Thalassemia

Thalassemia is a genetic blood disorder. In this condition, the patient’s body is cannot generate normal haemoglobin and needs Red Blood Cell transfusions every two to three weeks to survive

There are two major types of Thalassemia – alpha and beta. In the case of alpha thalassemia, at least one of the alpha globin genes has an abnormality. In beta thalassemia, the beta globin genes are affected. Each of the forms has sub-types, which vary in indications and rigorousness.
If one of the parents is a carrier of thalassemia, the child can develop thalassemia minor. People with this disorder usually do not exhibit any symptoms, which makes it difficult to identify the condition. It is thus advisable to test the parents and relatives whenever one child is tested positive for thalassemia.

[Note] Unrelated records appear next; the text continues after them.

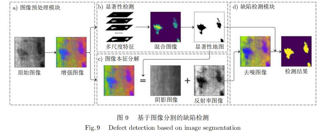 文献[59]提出了一种基于三维形态学和分水岭算法的锈蚀钢结构表面锈蚀坑识别、提取和评价的新方法。分水岭算法对微弱边缘具有良好的响应,并且可以保证得到封闭的边缘,但是存在过度分割的问题。郭皓然等[60]用全局自适应阈值法对高反射金属零件表面进行缺陷区域分割和识别,利用空域和值域信息的滤波方式对图像进行处理,并以高斯函数一阶导数构建边缘检测器,实验结果验证了方法的有效性和可靠性。魏爱东[61]用大津法(Otsu'smethod)与最大熵分割算法结合,在金属热图像缺陷识别和区域分割任务上取得了较好的效果。Prabha等[62]利用彩色通道对缺陷图像进行预处理,检测光照不均匀,对缺陷图像进行后处理,利用边缘检测和轮廓将缺陷部分从原始图像中分离出来,从而检测出产品中的缺陷,比现有方法更加稳定,过程如图9所示。Zhang等[63]基于小波变换、大津法、光谱测量(Spectral measure)和支持向量机(Support vector machine,SVM)开发了一种针对高反射金属表面的缺陷检测系统。实验表明该方法可以有效地对高反射金属表面的七种典型缺陷进行表征,优于BP神经网络方法。
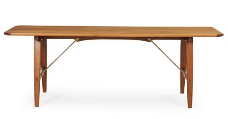 2544/557AarhusBørge Mogensen: "Hunting Table". A walnut dining table with angled brass bars. H. 72. L. 210. W. 82 cm.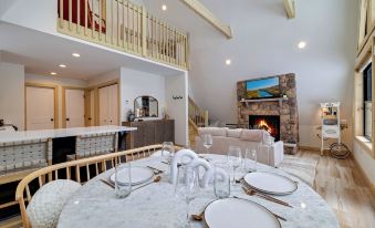 Escape to 'The Black Diamond' - a modern A-frame nestled in the Pocono Mountains. This stunning A-frame blends rustic-meets-mid-century design, offering couples, families and friends the perfect mix of warmth and adventure. After exploring waterfalls or skiing nearby slopes, unwind in the starlit hot tub, cuddle by the fireplace (with popcorn from the retro machine!), or soak in the soaking tub - every moment becomes unforgettable. Book your mountain getaway today! As you step through the front door, the soft glow of the indoor fireplace wraps you in a cozy embrace, setting the stage for an unforgettable escape. The open-concept living room features a plush sofa, a flat-screen TV, and even a popcorn machine—perfect for movie nights after a long day of adventure.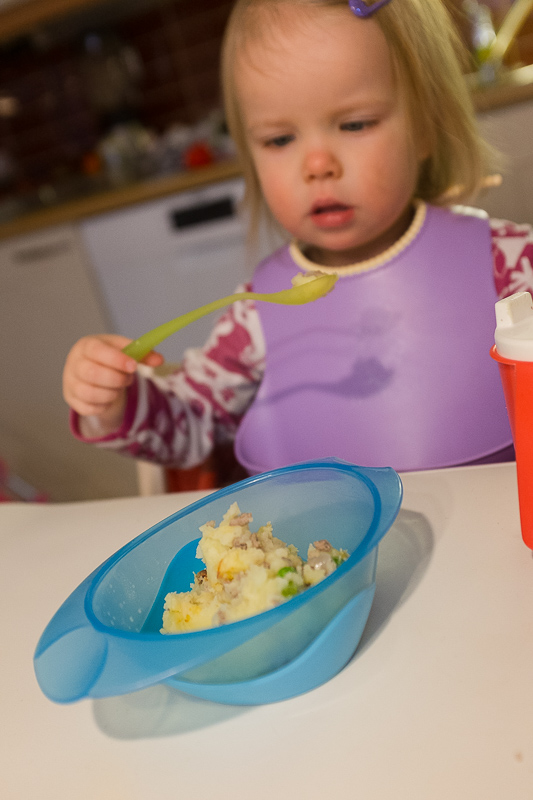 Ostaessani jauhelihaa ostan yleensä 700-1000 g kerrallaan, paistan ja pakastan osan. Siitä saa sitten nopeesti esim. liha-makarooniseoksen (keitä pasta kypsäksi ja lisää jäinen jauhelihamuru, sekoita, lapa lautaselle ja raasta juustoa päälle!) tai esim. tällaisen perunamuusikerroslaatikon. Aika usein perunamuusiakin tulee tehtyä usean päivän tarpeisiin.

If both parents have thalassemia, there is a 25 per cent chance the child will be born with thalassemia.

Since your body has fewer red blood cells when you have thalassemia, you may have low blood count or anaemia symptoms. When you have anaemia, you might feel tired or weak. You might also experience:

• Dizziness
• Shortness of breath
• A fast heartbeat
• Headache
• Difficulty concentrating
• Pale skin
• Your body will try very hard to make more red blood cells. The main place where blood cells are made in the bone marrow is the dark, spongy part in the middle of bones. Because your bone marrow may work harder than normal, it might grow bigger. This causes your bones to expand and may stretch your bones and make them thinner and more easily broken.
• Another place where blood is made is an organ called the spleen. It sits on the left side of your abdomen, just under your lower ribs. The spleen has many other jobs. Two of the major ones are filtering and monitoring the blood for certain infections. When it finds these infections, it can start fighting them. For example, when you have Thalassemia, the spleen can get very big as it tries to make blood cells.